◆ PROBLEM DETAILS ◆
Return nothing but the lines from the one with "No registro é" through the one with "Sebastian Vettel não" in the data below, word for word and without pictures.

◆ LISTED ENTRIES ◆

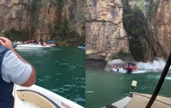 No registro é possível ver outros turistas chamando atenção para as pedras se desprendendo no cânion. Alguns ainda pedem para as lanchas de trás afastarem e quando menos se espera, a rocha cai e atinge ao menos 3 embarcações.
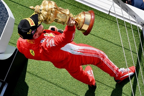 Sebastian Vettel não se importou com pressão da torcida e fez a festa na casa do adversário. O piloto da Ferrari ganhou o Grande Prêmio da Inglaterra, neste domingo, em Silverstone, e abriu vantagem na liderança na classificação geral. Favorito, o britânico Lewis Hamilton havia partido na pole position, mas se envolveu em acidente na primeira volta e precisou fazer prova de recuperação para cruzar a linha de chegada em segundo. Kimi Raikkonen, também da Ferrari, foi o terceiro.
...
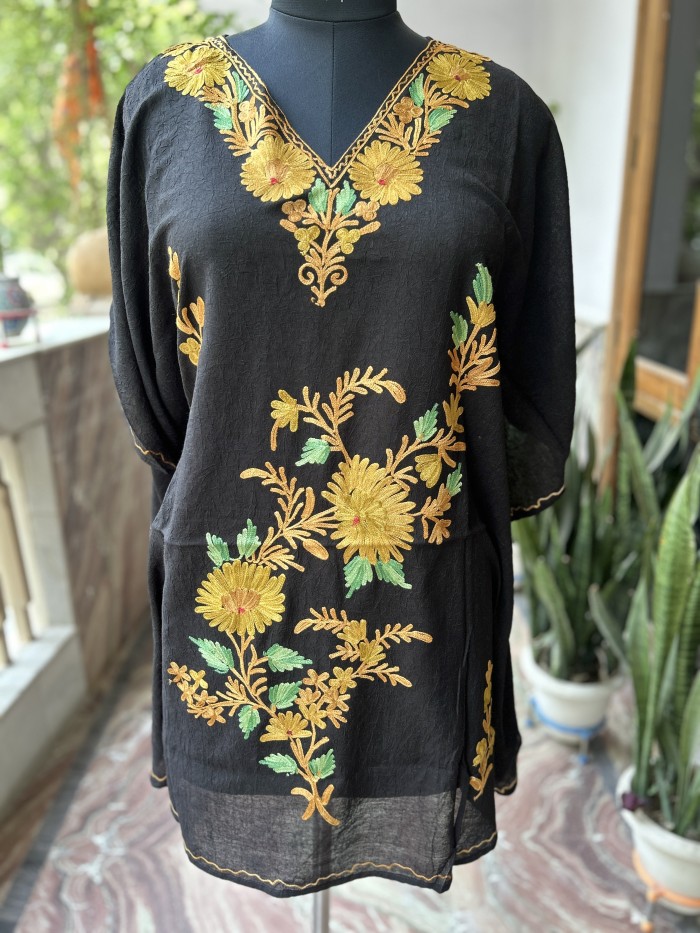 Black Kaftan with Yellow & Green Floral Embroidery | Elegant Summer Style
---
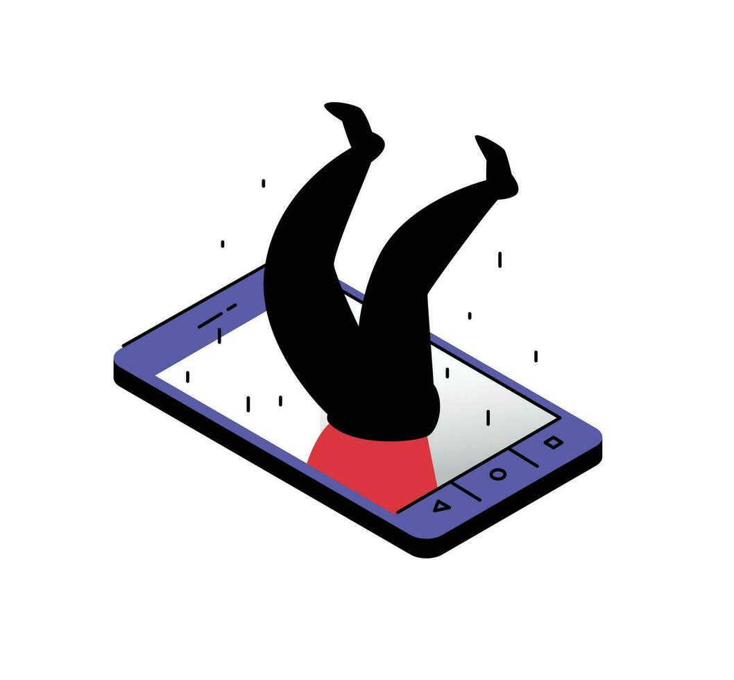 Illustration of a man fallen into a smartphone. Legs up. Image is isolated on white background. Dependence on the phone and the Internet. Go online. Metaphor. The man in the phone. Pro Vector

◆ FINAL ANSWER ◆
 No registro é possível ver outros turistas chamando atenção para as pedras se desprendendo no cânion. Alguns ainda pedem para as lanchas de trás afastarem e quando menos se espera, a rocha cai e atinge ao menos 3 embarcações.
 Sebastian Vettel não se importou com pressão da torcida e fez a festa na casa do adversário. O piloto da Ferrari ganhou o Grande Prêmio da Inglaterra, neste domingo, em Silverstone, e abriu vantagem na liderança na classificação geral. Favorito, o britânico Lewis Hamilton havia partido na pole position, mas se envolveu em acidente na primeira volta e precisou fazer prova de recuperação para cruzar a linha de chegada em segundo. Kimi Raikkonen, também da Ferrari, foi o terceiro.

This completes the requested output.